- WHAT IS NEEDED
Within the listing that follows, reproduce exactly the lines starting at the line with "市場的檔主、物流車司機、加工" and ending at the line with "A drone strike", inclusive, and only those. Pictures are dropped.

- EXERCISE MATERIAL
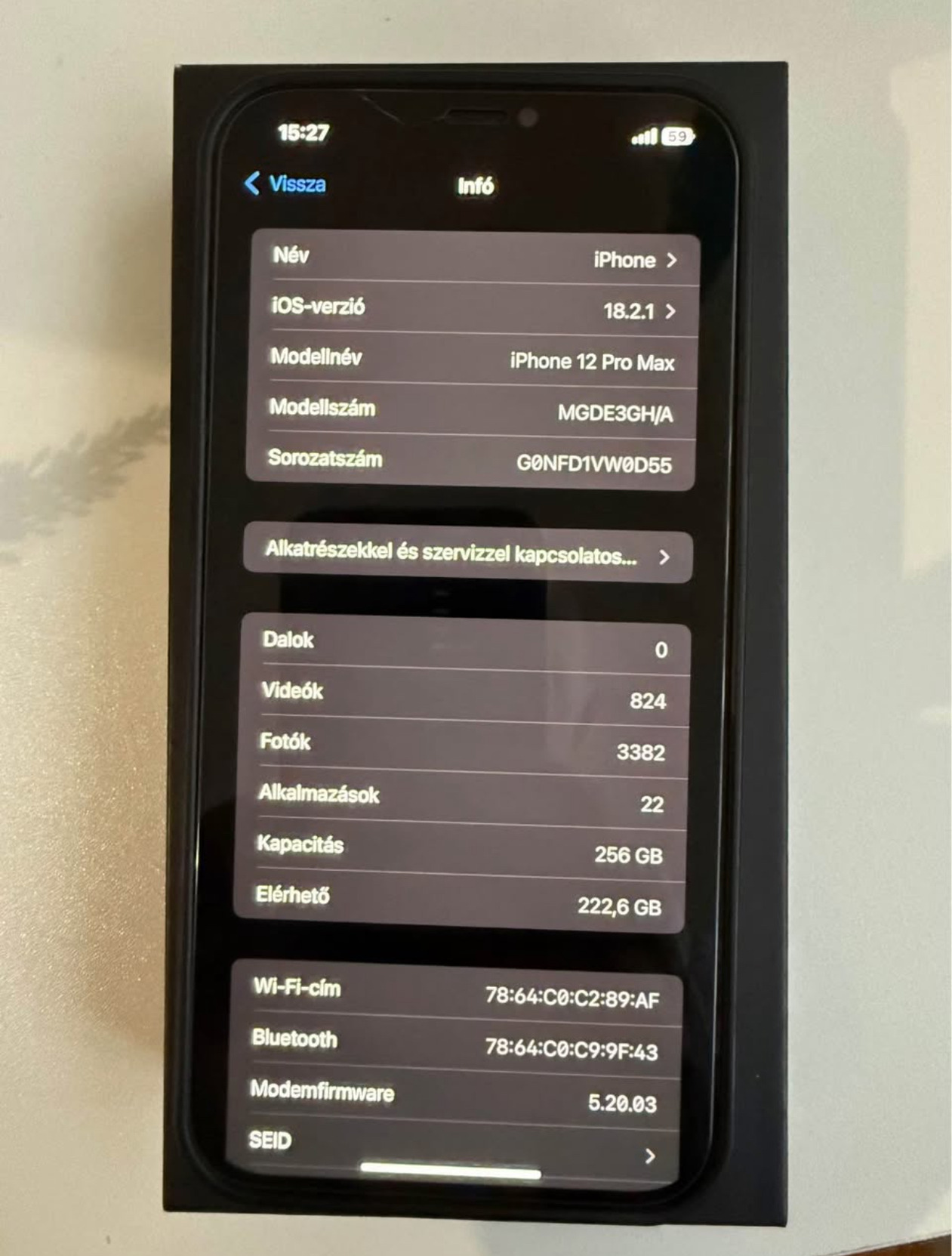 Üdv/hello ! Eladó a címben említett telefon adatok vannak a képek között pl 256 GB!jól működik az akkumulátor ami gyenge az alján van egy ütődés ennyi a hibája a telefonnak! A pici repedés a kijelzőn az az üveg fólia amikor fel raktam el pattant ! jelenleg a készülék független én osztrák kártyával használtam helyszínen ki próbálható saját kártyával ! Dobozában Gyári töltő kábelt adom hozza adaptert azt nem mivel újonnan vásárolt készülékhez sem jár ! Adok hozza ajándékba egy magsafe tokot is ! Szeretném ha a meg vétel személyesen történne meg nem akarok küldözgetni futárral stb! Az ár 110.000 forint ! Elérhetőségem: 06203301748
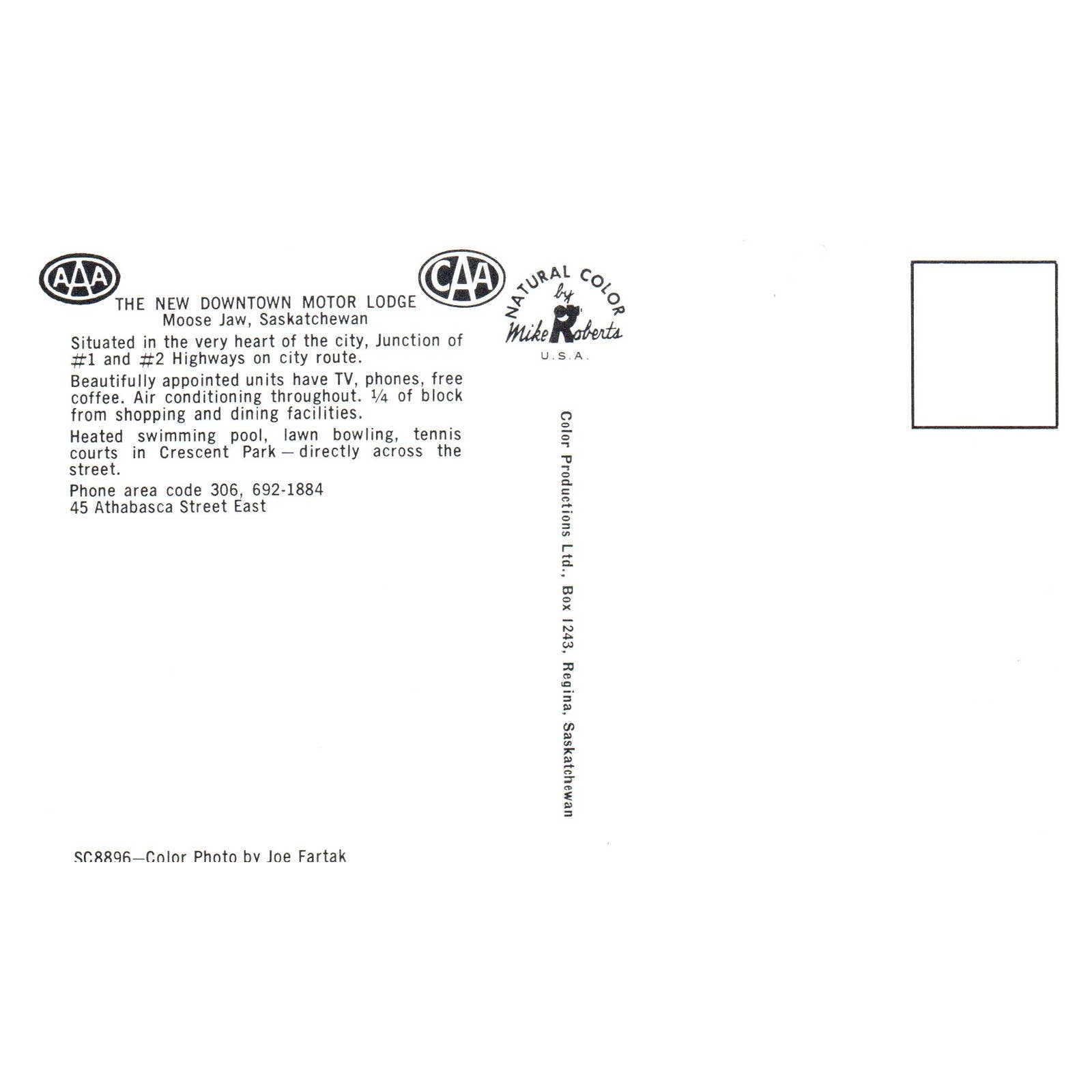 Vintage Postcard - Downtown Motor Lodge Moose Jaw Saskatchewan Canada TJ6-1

--

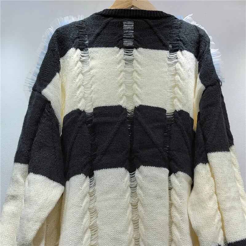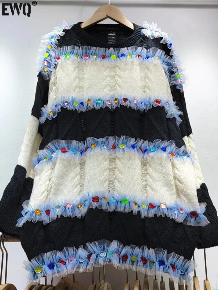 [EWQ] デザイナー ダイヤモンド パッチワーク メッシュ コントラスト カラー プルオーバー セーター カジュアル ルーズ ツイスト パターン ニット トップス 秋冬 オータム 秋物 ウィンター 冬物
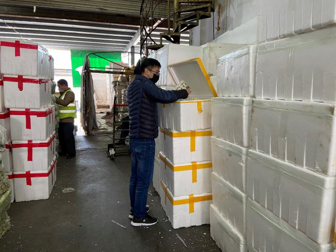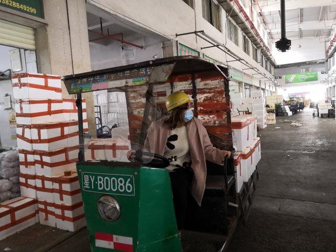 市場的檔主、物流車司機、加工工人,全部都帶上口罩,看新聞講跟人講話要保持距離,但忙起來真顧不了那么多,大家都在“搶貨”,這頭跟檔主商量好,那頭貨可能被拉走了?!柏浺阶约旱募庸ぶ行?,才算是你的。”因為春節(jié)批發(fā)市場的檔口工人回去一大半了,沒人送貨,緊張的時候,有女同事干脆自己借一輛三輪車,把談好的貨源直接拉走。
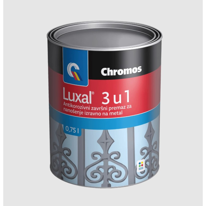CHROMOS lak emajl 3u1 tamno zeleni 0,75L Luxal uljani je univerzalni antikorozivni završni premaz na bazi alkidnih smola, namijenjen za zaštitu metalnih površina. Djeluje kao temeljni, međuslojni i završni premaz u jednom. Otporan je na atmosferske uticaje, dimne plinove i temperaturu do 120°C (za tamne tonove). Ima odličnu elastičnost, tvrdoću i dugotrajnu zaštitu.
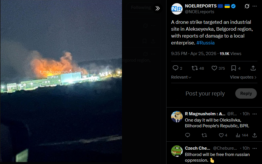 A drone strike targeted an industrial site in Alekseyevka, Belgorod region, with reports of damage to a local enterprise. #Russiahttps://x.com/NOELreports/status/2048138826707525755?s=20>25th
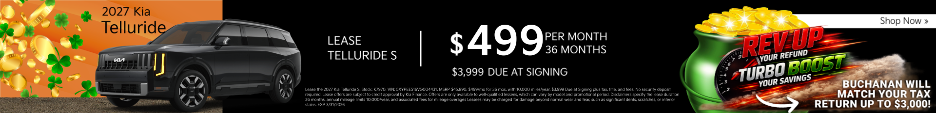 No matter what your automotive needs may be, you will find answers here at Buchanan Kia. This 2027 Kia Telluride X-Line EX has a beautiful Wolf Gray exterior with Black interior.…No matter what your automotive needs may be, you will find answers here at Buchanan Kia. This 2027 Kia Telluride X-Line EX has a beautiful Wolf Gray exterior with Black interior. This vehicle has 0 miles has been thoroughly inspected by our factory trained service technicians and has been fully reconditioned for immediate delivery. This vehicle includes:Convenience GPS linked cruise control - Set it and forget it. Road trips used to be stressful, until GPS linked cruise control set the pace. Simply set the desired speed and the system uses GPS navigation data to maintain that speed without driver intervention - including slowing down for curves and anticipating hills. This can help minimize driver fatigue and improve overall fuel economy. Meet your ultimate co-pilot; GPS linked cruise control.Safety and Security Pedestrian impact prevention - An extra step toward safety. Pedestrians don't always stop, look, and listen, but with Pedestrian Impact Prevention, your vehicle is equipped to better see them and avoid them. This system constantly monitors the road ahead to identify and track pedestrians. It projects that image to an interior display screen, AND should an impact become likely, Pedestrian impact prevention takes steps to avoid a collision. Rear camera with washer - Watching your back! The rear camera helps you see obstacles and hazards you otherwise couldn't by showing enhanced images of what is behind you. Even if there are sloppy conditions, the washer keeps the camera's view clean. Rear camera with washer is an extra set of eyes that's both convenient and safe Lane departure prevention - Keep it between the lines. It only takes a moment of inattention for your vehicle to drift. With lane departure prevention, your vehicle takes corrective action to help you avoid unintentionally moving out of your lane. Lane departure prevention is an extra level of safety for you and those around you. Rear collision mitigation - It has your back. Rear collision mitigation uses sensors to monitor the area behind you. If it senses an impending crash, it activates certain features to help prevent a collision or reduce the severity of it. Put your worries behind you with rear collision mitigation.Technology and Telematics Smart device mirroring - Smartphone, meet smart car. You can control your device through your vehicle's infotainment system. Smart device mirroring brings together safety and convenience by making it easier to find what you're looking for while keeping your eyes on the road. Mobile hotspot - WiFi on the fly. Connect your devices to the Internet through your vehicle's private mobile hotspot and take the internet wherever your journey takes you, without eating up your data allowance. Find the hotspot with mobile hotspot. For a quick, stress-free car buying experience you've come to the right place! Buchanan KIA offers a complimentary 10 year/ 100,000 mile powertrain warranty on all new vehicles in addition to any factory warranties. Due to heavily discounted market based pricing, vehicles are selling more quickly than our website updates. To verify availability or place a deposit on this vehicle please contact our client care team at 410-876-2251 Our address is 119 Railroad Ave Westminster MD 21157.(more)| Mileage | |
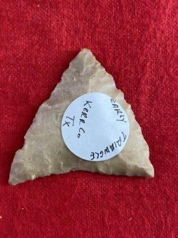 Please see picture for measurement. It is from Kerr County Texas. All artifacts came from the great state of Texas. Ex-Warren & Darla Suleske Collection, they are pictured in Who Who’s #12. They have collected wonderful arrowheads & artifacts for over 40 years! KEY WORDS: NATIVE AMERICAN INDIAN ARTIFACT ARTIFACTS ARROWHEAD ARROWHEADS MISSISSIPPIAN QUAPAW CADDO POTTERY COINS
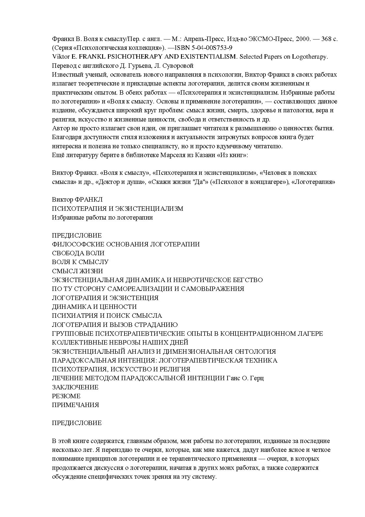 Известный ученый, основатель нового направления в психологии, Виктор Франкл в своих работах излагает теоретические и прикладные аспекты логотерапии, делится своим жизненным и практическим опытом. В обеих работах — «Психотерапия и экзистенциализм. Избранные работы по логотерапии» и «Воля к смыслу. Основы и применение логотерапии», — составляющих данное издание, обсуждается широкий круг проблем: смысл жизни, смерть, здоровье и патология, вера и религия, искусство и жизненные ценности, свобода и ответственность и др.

...

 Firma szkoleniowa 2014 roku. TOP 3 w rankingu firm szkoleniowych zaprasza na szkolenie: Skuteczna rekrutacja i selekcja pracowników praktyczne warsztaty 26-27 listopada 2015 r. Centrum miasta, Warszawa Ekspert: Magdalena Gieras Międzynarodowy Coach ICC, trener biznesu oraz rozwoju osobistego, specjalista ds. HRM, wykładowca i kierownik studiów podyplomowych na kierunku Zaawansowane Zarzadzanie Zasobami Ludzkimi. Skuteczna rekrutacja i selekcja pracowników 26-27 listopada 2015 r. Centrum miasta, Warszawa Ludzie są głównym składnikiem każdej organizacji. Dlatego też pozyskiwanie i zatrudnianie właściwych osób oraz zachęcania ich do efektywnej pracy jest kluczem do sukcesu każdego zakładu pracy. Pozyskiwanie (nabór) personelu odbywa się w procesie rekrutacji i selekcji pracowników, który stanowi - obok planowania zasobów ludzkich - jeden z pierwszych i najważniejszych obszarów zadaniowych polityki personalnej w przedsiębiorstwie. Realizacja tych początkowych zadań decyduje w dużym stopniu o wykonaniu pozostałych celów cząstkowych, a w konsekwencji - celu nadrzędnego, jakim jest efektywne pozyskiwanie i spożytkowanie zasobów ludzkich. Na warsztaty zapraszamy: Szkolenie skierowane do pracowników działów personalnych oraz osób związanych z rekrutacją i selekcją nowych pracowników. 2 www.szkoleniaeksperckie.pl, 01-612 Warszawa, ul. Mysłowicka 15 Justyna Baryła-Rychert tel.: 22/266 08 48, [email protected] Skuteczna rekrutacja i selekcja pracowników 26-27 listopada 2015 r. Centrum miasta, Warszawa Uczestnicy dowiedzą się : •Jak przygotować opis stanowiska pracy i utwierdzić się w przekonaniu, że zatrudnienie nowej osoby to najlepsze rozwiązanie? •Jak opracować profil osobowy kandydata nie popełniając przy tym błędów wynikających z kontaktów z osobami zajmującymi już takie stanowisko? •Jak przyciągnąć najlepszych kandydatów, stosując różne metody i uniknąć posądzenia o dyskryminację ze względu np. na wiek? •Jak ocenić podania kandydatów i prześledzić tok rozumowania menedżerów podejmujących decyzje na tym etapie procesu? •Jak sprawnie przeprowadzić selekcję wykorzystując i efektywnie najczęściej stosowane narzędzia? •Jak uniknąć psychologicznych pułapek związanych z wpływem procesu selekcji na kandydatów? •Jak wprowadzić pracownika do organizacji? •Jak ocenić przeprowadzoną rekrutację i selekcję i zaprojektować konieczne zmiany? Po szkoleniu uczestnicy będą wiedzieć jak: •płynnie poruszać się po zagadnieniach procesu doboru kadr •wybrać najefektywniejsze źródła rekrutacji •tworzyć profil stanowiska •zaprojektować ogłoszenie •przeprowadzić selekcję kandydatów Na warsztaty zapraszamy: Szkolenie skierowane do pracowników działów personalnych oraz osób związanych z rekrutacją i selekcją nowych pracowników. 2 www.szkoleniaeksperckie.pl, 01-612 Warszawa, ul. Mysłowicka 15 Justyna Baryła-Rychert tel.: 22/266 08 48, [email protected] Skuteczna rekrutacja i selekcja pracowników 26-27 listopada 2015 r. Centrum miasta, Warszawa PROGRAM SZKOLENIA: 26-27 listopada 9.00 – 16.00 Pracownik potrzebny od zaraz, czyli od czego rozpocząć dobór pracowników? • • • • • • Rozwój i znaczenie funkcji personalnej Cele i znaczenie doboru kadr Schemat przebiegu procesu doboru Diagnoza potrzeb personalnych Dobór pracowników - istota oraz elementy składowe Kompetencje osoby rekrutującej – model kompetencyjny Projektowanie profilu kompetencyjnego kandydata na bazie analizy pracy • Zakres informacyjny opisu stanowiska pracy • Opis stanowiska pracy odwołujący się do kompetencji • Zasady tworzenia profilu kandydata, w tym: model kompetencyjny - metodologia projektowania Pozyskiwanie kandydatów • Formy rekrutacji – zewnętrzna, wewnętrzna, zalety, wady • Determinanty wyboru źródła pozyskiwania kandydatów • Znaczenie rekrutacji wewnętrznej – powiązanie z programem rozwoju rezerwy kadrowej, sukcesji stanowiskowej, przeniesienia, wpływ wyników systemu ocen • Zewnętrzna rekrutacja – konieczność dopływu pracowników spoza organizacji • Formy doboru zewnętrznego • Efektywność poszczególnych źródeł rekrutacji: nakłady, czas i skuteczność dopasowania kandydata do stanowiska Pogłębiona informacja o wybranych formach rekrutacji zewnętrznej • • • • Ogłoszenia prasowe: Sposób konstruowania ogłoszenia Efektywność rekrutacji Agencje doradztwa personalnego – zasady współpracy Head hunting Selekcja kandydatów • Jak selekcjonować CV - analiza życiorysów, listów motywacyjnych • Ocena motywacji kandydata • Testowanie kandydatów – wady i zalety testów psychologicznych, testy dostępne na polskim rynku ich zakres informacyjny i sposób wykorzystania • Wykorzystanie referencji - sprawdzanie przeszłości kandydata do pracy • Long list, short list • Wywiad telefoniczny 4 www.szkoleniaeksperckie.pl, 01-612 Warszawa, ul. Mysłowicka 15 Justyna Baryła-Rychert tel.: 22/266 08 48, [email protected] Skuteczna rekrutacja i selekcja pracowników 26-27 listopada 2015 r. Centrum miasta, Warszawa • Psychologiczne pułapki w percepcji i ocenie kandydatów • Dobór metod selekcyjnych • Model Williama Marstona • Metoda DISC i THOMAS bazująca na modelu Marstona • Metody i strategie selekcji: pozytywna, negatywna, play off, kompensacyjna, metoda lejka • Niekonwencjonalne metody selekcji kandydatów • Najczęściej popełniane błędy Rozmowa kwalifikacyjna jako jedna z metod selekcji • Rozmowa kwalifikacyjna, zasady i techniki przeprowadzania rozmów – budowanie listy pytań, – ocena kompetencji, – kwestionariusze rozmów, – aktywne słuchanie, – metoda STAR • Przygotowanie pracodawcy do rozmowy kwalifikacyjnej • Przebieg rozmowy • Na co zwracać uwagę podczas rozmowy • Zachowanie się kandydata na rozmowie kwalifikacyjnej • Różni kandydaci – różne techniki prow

- TASK SOLUTION
 市場的檔主、物流車司機、加工工人,全部都帶上口罩,看新聞講跟人講話要保持距離,但忙起來真顧不了那么多,大家都在“搶貨”,這頭跟檔主商量好,那頭貨可能被拉走了?!柏浺阶约旱募庸ぶ行?,才算是你的。”因為春節(jié)批發(fā)市場的檔口工人回去一大半了,沒人送貨,緊張的時候,有女同事干脆自己借一輛三輪車,把談好的貨源直接拉走。
CHROMOS lak emajl 3u1 tamno zeleni 0,75L Luxal uljani je univerzalni antikorozivni završni premaz na bazi alkidnih smola, namijenjen za zaštitu metalnih površina. Djeluje kao temeljni, međuslojni i završni premaz u jednom. Otporan je na atmosferske uticaje, dimne plinove i temperaturu do 120°C (za tamne tonove). Ima odličnu elastičnost, tvrdoću i dugotrajnu zaštitu.
 A drone strike targeted an industrial site in Alekseyevka, Belgorod region, with reports of damage to a local enterprise. #Russiahttps://x.com/NOELreports/status/2048138826707525755?s=20>25th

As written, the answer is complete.